### INSTRUCTIONS FOR THE TASK
Which lines run from the start of the material below through the line containing "Kolorowe gumki do"? Retype them exactly, pictures excluded.

### GIVEN MATERIAL
= = =
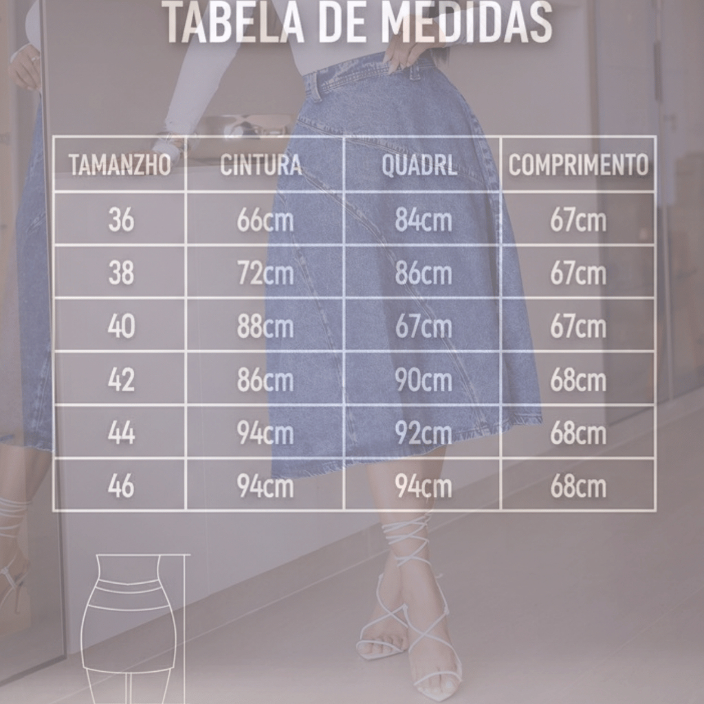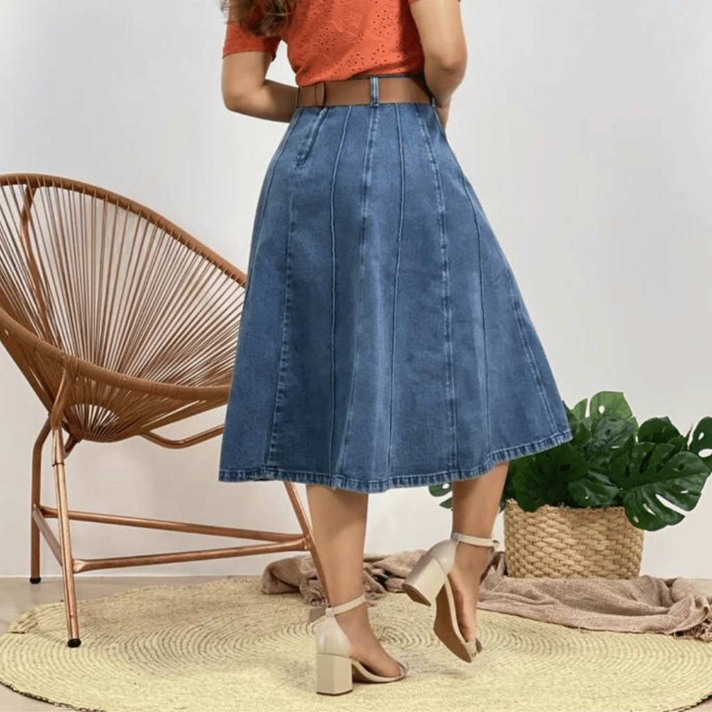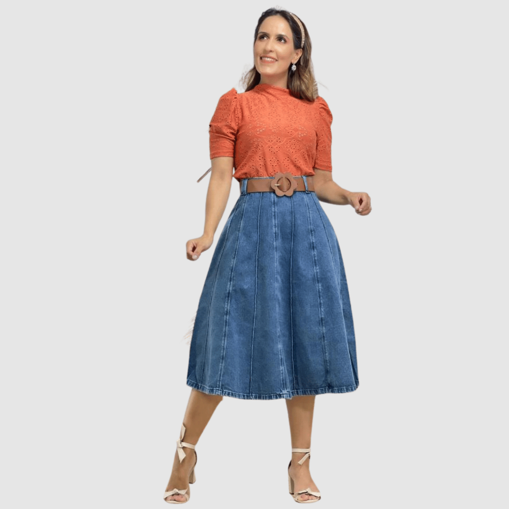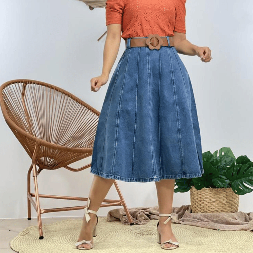 Saia Jeans Feminina Rodada Midi Elegante Premium 100% Algodão Moda Evangélica Modeladora
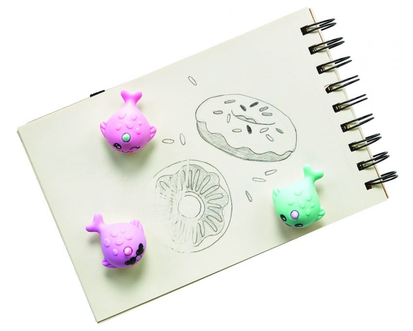 Kolorowe gumki do ścierania Ooly Narwale wymazują błędy i zapełniają miłą zabawę. Rogi narwali można przekładać i dowolnie mieszać kolorami między gumkami. Zestaw składa się z 3 pachnących wanilią gumek w kształcie narwali. Słodkie gumki bardzo dobrze wymazują ślady po ołówku.
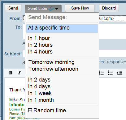 Let's say your a owner of a widget company. You get to work on Thursday morning at 7:00am and check your email. There, you find a message from Mike Sullivan asking if you're interested in acquiring WidgetMaker.com. You glance up at the time the email was sent and it says 1:14am. That's not necessarily a bad thing, but to some, I may lose credibility for not looking like I am a legitimate business. Much of the mail I receive in the wee hours tends to be spam, so I understand the concern. The thought has plagued me until I decided to see what my options are available.
= = =
### REPLY
 Saia Jeans Feminina Rodada Midi Elegante Premium 100% Algodão Moda Evangélica Modeladora
 Kolorowe gumki do ścierania Ooly Narwale wymazują błędy i zapełniają miłą zabawę. Rogi narwali można przekładać i dowolnie mieszać kolorami między gumkami. Zestaw składa się z 3 pachnących wanilią gumek w kształcie narwali. Słodkie gumki bardzo dobrze wymazują ślady po ołówku.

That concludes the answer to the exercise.